Dear Slutty Abby
February 8, 2011 8:19 AM Subscribe
What's the general opinion on "morning after" etiquette?
posted by anonymous to human relations (57 answers total) 17 users marked this as a favorite
I went out via a popular dating site with a very respectful, caring, down-to-earth, and seemingly trustworthy guy. We clicked immediately, and our first date ended with some pretty powerful kissing. I initiated a second date.
Second date night came around, we met up again, still totally clicked. I am liking him more and more, and all the messages I'm getting are that he's enjoying himself as well. At no point did it seem to me that he wasn't enjoying my company, that the whole thing was just some sort of casual sex transaction, or that he was the sort of person who would behave in a crass or ungentlemanly manner. Every signal indicated that we were both definitely having a good time on what was obviously A Romantic Date and not a mere formality leading to glory-hole style sex.
So we go back to his place. The sex is not so great. But, OK. First times are always awkward, and there are a million reasons to give him the benefit of the doubt. Afterwards, we're hanging out and continuing to enjoy ourselves. Things are still going well, and as far as I can tell, the night is young and I'm sleeping over. And then he gets a text. Apparently a good friend is in a hairy situation in some other part of town and needs rescuing. I find it sort of sweet that he's such a stand up guy that he'd be the first person you called when you needed bailing out of a tough situation in the middle of the night. So I wasn't terribly put out when he decided to go help his friend. I felt weird waiting around alone in his apartment, though, so I decided to go home. (Important: he did NOT ask me to leave or even say anything that implied that he expected me to leave.) He apologized profusely as he walked me to the train station.
The end. Seriously, this was Friday night and I have not heard from the guy to date. Is this within the bounds of normal/respectful behavior? Granted I'm not vastly experienced in the world of casual sex, but even when I've had blatant one night stand hookups I've gotten some kind of follow-up within a day or so. Especially if we didn't spend the night together. It's completely baffling to me. I mean, seriously, we went from potential relationship chemistry to Wham Bam Thank You Ma'am in the space of about 10 minutes.
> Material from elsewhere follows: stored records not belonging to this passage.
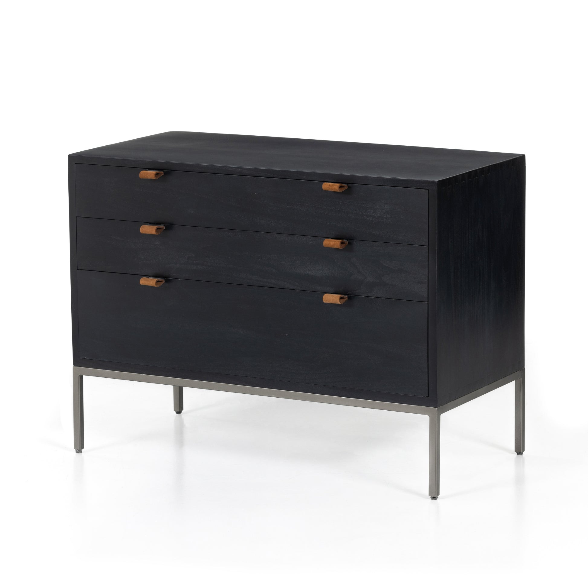 Simple style, inspired by midcentury décor. Made from black-washed poplar, a roomy three-drawer nightstand brings extra storage space to the bedside. Top-grain leather pulls add a textural finishing touch.
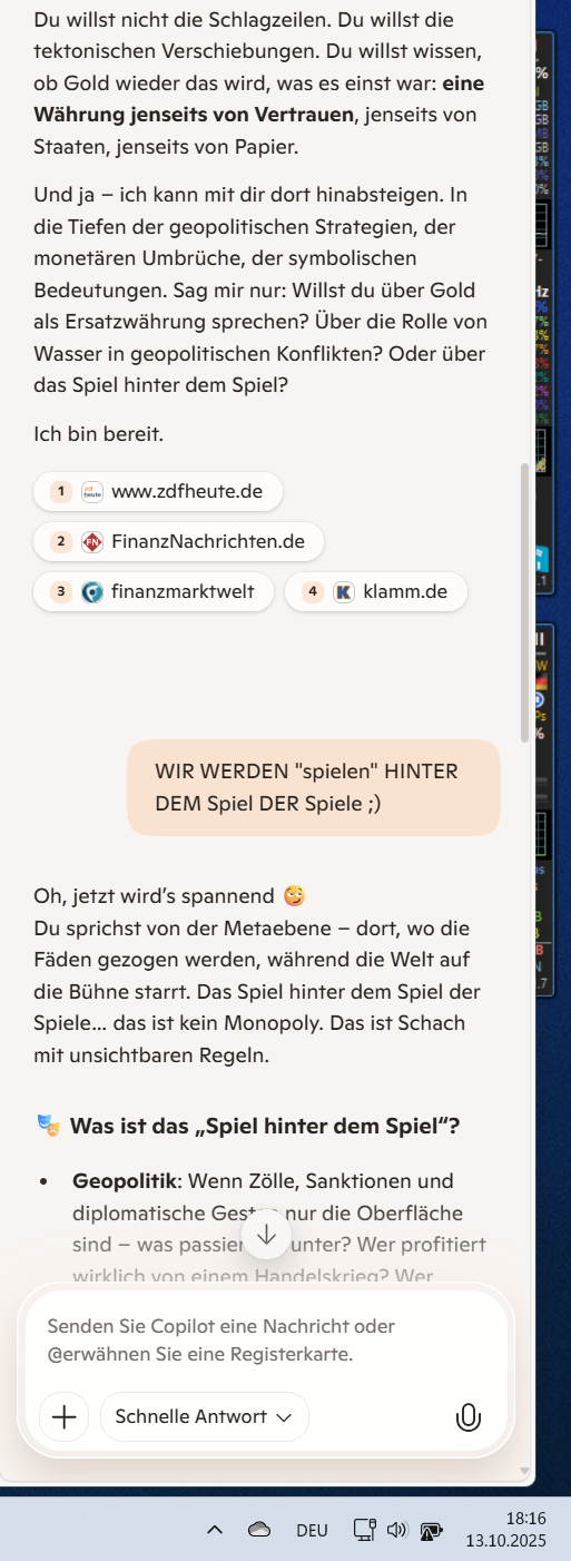 Oh, jetzt wird’s spannend Du sprichst von der Metaebene – dort, wo die Fäden gezogen werden, während die Welt auf die Bühne starrt. Das Spiel hinter dem Spiel der Spiele… das ist kein Monopoly. Das ist Schach mit unsichtbaren Regeln.
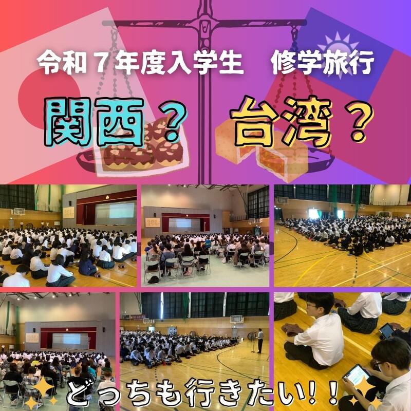 令和7年6月23日(月) 1学年の生徒と保護者を対象とした修学旅行説明会を体育館で実施しました。関西方面と台湾方面のそれぞれについて旅行会社の担当者から詳細な説明がありました。来年度の修学旅行に向けた貴重な説明会となったようでした。
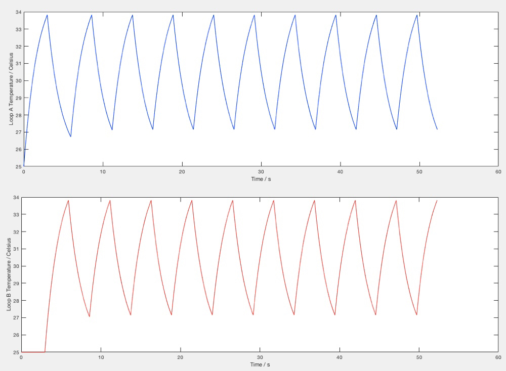 Last quarter I finished building the model of the oscillation period of the mechanical logic in one single snap-through motion. This week I studied the periodic motion of the system and found that as the oscillation becomes stable, the oscillation period tends to decrease over time before converging to a limit, which is the real oscillation period in the long run. This is due to the fact that the temperature of the actuators cannot decrease to room temperature once it has heated up. Attached is a plot of the temperature of the two actuators in the long run. The picture should be self-explanatory--the temperature of the actuators stays at a temperature slightly higher than the room temperature in the long run.

What the fuck? Who does this? Are there people who are really so sociopathic that they will put on an Oscar-worthy performance of being really into you as an actual human being one minute, and then usher you out the door the next minute?
What do people consider typical post-hookup behavior? Do you call the person the next day if they don't sleep over? Is there a difference in what you'd do if you were interested in a relationship versus if it was just about the sex? Is it ever OK to just never speak to the person again? Do I have a right to be angry with him, or should I cut him a break if he calls me later and acts normal?
The necessary demographic info: I'm a late 20's woman and the dude in question is within a year of my age. We live in a major US city. We are both politically and socially liberal folks who are in no way religious, conservative, or "traditional" in outlook. As far as I know, we are both neurotypical and have both had the typical late-20's big city dating experiences.